> [ASSIGNMENT] Records follow. Print exactly the lines from the one that has "4부 + 피아노 반주 |" through the one that has "Theo báo cáo", inclusive, and omit the pictures.

> [DATA LISTING]
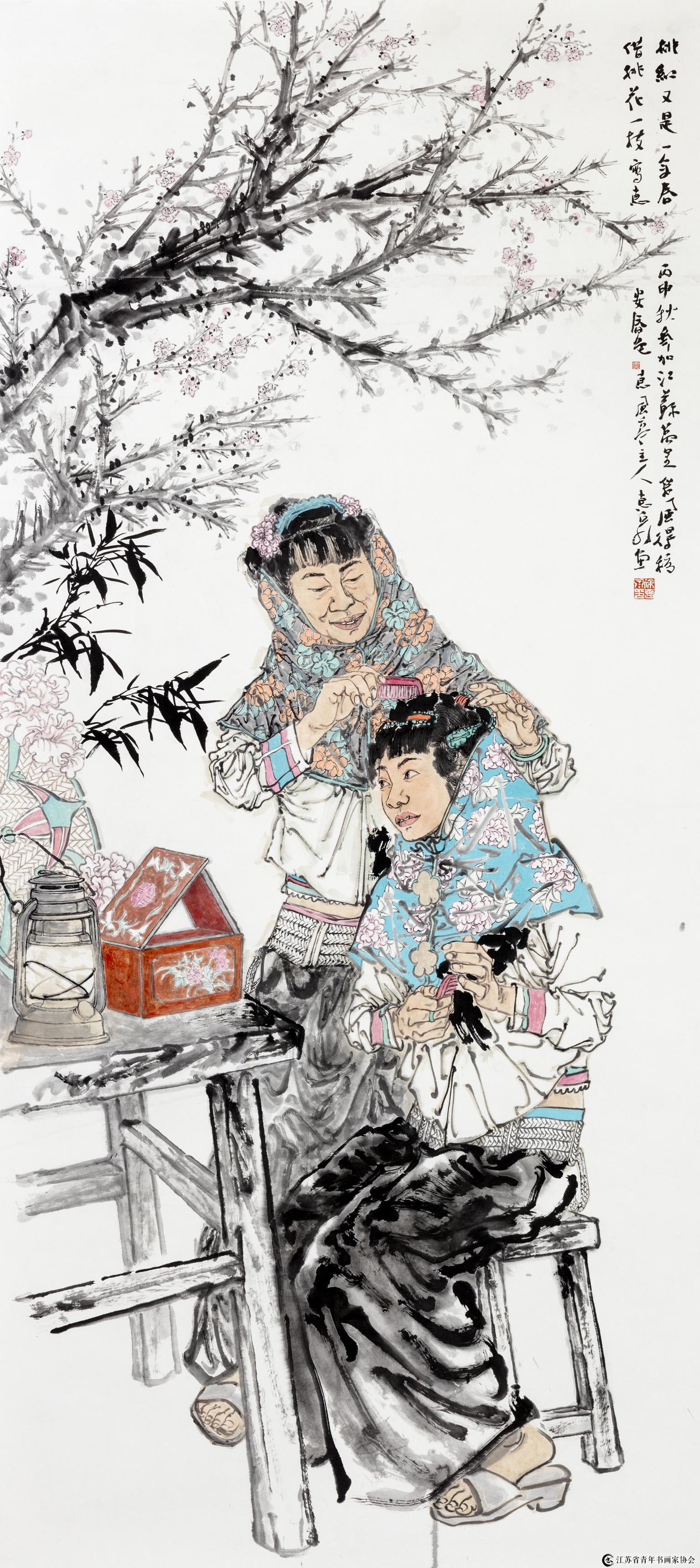 我之所以称徐惠泉的画为“墨彩世界”,是因为在他的画中总体呈现的是水墨氤氲气象。尽管惠泉的画色彩运用比较多,但隐含其中的仍是骨法用笔。从其早期的《荷塘清思》、《春江花月》到近期的《花之梦》、《文学家朱自清》等系列作品,都始终保持这种气息。画中的人物景具都以墨线勾写,皴擦顿挫,爽利明晰,再辅之以浑厚的石色,以色彩来丰润笔墨,以笔墨来彰显色彩,达到“色不碍墨,墨不碍色”,墨色相融互补的艺术效果。可以看出惠泉对于钱选、赵孟頫、文征明、仇英等古代大师墨彩方面的师法借鉴,画面整体呈现出端庄劲秀,淳厚而又不失灵动的艺术品质,隐约透出元人散淡工致的风姿。
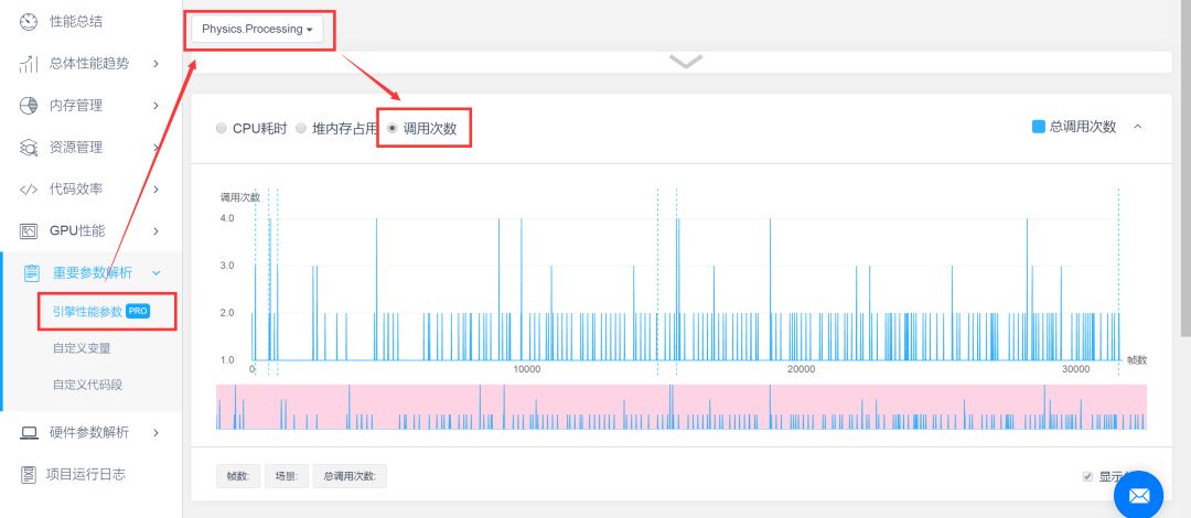 A:首先,这是Unity引擎中物理模块的主要耗时开销。从图中可以看出,你们物理模块较高的一个主要原因是调用次数过高,显示了一帧中调用了17次,就算一次开销1ms,调用17次,也有17ms。所以,调用次数是需要题主项目中最需要注意的一点。游戏运行过程中物理模块的调用次数可以通过下图中的箭头查看,同时,物理的调用次数最好是每帧控制在1~3次,如下图所示。
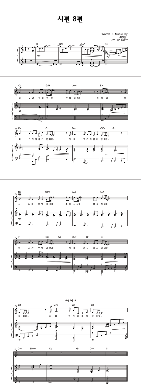 | 경배하리 내 온 맘 다해 | 성가 4부 + 피아노 반주 |
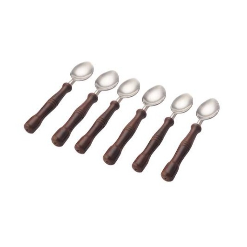 أماران – طقم ملاعق حلويات بمقبض خشبي ستانلس ستيل - طقم من 6 قطع
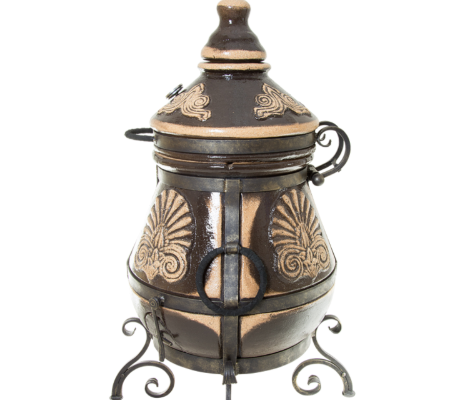 Этот уникальный тандыр привлекает внимание благодаря своему элегантному дизайну. Он может быть выполнен в глазури черного цвета или в нежном оттенке «слоновая кость». Эстетично оформленный корпус с золотым орнаментом и надежные ножки делают его не только стильным предметом интерьера, но и удобным в использовании.
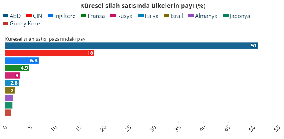 Küresel savunma sektöründeki en büyük 100 şirket içindeki ABD'li toplam 40 şirket, 2021'de 299 milyar dolarlık silah satışı yaparak, reel olarak bir önceki yıla göre yüzde 0,8 artışla tüm satışların yüzde 51'ini karşıladı.
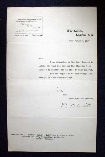Archive of General Sir Archibald Hunter GCB GCVO DSO TD LLD at the King's Own Royal Regiment Museum, Lancaster. Aides de Camp to HM King Letter to Hunter from the
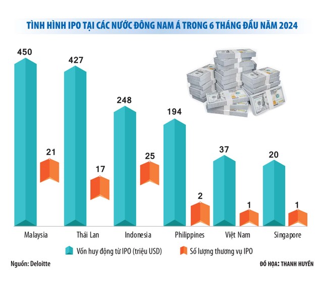 Theo báo cáo của Deloitte phát hành đầu tháng 7/2024, số lượng doanh nghiệp lên sàn chứng khoán ở Đông Nam Á trong nửa đầu năm 2024 , giảm 21,2% so với cùng kỳ năm ngoái, chỉ có 67 doanh nghiệp. Tổng vốn hóa thị trường của các công ty này khi tiến hành IPO đạt 5,8 tỷ USD, giảm 71% so với cách đây một năm.
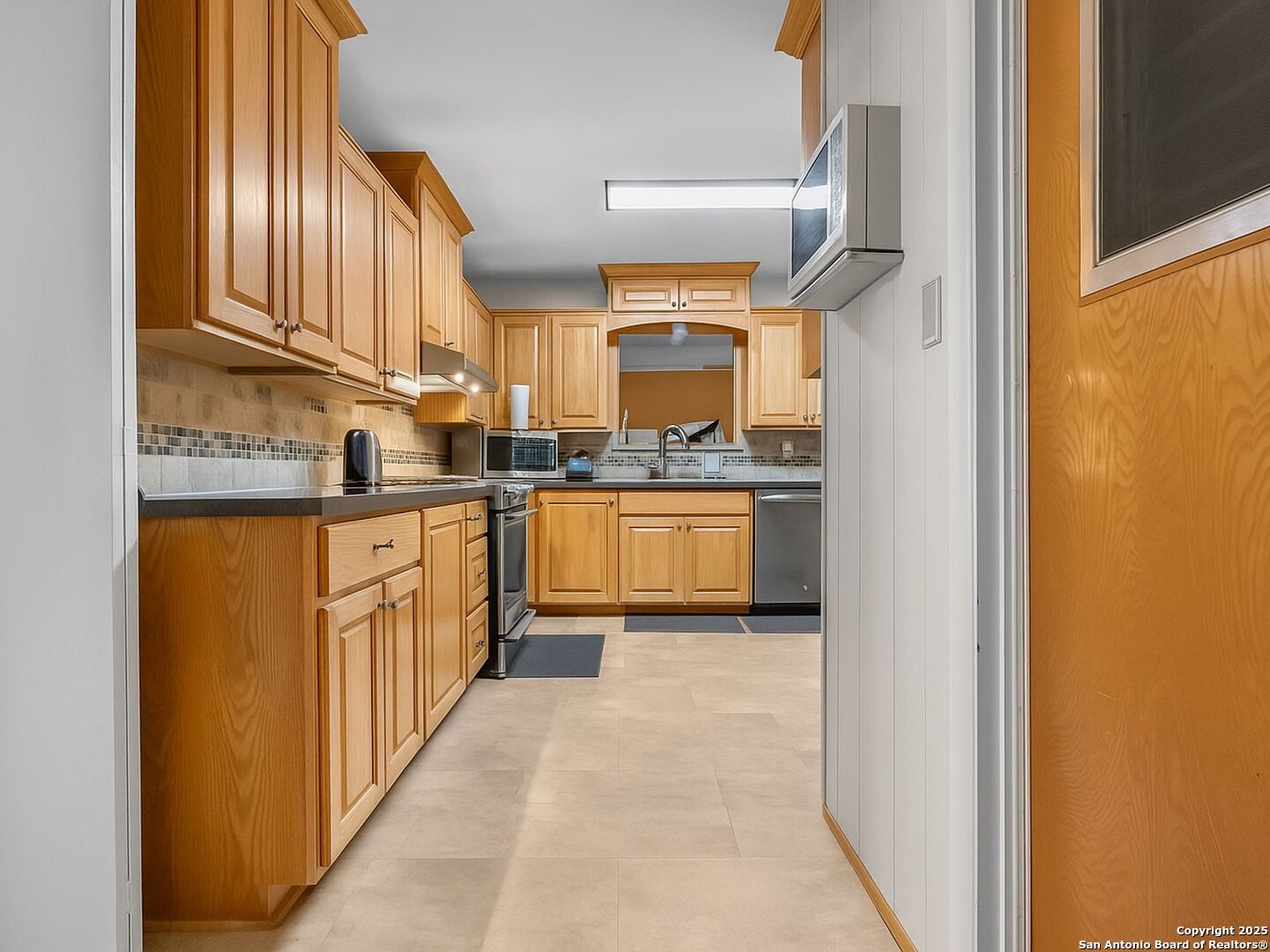Charming Home on "The Hill" - Prime New Braunfels Location. Don't miss this rare opportunity to own a single-story home in a highly sought-after neighborhood. Perfectly positioned on a spacious 0.4 -acre corner lot with mature trees, this 1964 home blends timeless character with modern updates for easy, comfortable living. Newer roof with gutters, updated HVAC system, newer water heater, and tile and vinyl flooring throughout. Kitchen Aid Duel Fuel stove and oven in kitchen. The spacious walk-in laundry room includes utility sink and room for more. Flexible floor plan includes 3 bedrooms, multiple living/dining areas, and a single-level layout for effortless flow. Ample parking and storage with a 2-car attached garage and 2-car carport with separate air-conditioned storage room. Private, fully fenced backyard with covered patio-ideal for relaxing or entertaining. Enjoy easy access to Landa Park, McKenna Children's Museum, Schlitterbahn Waterpark, Comal River, Guadalupe River and Wurstfest. Minutes from HEB and just a short walk to the neighborhood park. Zoned to New Braunfels Independent School District. Convenient to shopping, dining, downtown New Braunfels and the historic district of Gruene. Homes in this area with large lots and extensive updates at this price point are hard to find.
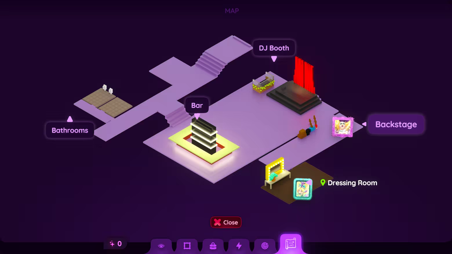 • Talk to and discover things about the characters at the disco.
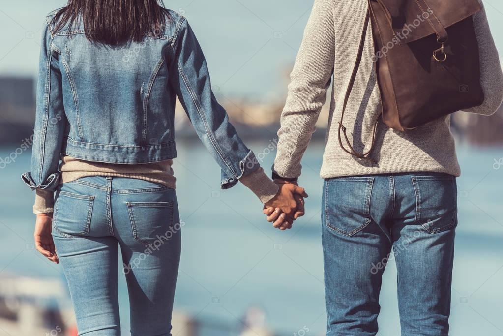 Назад вид молодой пары, держащейся за руки на берегу реки
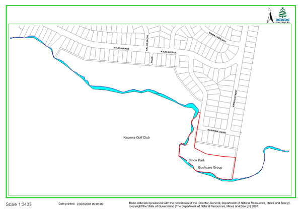 In early 2007, Brook Park Bushcare Group received a $5000 Community Assistance Scheme grant to support its bid to enhance the Kedron Brook Waterway. Personally supported by Councillor Battersby, the grant money was allocated under the environmental category of Pine Rivers Shire Council’s Community Assistance Scheme in 2007. This timely support enabled us to clear a large section of weeds along the banks of the Kedron Brook and to re-establish a buffer of native vegetation.

> [SOLVED PROBLEM]
 | 경배하리 내 온 맘 다해 | 성가 4부 + 피아노 반주 |
 أماران – طقم ملاعق حلويات بمقبض خشبي ستانلس ستيل - طقم من 6 قطع
 Этот уникальный тандыр привлекает внимание благодаря своему элегантному дизайну. Он может быть выполнен в глазури черного цвета или в нежном оттенке «слоновая кость». Эстетично оформленный корпус с золотым орнаментом и надежные ножки делают его не только стильным предметом интерьера, но и удобным в использовании.
 Küresel savunma sektöründeki en büyük 100 şirket içindeki ABD'li toplam 40 şirket, 2021'de 299 milyar dolarlık silah satışı yaparak, reel olarak bir önceki yıla göre yüzde 0,8 artışla tüm satışların yüzde 51'ini karşıladı.
Archive of General Sir Archibald Hunter GCB GCVO DSO TD LLD at the King's Own Royal Regiment Museum, Lancaster. Aides de Camp to HM King Letter to Hunter from the
 Theo báo cáo của Deloitte phát hành đầu tháng 7/2024, số lượng doanh nghiệp lên sàn chứng khoán ở Đông Nam Á trong nửa đầu năm 2024 , giảm 21,2% so với cùng kỳ năm ngoái, chỉ có 67 doanh nghiệp. Tổng vốn hóa thị trường của các công ty này khi tiến hành IPO đạt 5,8 tỷ USD, giảm 71% so với cách đây một năm.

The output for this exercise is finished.